== Provided information ==
>>>>>

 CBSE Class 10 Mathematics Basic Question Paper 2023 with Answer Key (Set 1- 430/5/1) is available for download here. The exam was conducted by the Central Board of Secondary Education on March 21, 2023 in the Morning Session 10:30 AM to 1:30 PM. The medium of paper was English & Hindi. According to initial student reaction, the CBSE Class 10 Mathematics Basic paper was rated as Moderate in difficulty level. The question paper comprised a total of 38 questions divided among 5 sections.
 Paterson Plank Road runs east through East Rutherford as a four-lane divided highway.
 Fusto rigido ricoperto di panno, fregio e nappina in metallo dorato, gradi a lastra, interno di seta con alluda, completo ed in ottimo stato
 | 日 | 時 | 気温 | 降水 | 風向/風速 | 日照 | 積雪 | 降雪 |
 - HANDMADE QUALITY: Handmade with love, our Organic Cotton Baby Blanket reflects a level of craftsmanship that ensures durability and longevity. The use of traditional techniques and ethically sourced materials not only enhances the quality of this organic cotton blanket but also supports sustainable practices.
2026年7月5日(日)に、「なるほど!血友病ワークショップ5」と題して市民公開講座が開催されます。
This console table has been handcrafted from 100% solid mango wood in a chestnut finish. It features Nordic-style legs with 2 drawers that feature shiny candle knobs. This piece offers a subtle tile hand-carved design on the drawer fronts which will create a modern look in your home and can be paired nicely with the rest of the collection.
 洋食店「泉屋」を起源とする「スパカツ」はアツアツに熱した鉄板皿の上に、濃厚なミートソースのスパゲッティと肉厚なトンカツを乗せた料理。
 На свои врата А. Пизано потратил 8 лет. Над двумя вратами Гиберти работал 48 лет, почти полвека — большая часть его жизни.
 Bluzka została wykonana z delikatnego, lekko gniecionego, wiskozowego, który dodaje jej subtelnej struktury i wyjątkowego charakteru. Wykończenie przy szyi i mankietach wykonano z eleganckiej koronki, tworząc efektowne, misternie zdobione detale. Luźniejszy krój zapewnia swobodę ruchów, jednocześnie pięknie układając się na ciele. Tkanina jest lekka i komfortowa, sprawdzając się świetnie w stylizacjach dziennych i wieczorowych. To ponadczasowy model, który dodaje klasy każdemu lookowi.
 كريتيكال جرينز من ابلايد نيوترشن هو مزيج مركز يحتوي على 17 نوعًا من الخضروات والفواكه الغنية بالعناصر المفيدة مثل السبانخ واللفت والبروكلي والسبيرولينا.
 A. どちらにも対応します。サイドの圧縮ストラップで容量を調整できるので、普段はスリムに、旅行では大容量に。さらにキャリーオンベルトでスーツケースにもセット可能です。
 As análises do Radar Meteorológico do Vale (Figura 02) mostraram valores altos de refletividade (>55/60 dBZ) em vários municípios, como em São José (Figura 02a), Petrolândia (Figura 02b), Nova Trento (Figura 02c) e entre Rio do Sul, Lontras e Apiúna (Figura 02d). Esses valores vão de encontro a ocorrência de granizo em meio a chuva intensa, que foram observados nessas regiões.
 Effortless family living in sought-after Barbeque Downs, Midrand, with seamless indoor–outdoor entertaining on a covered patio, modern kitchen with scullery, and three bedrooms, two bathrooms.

<<<<<

In the listing, how many lines include the string "with"? State the number alone.

4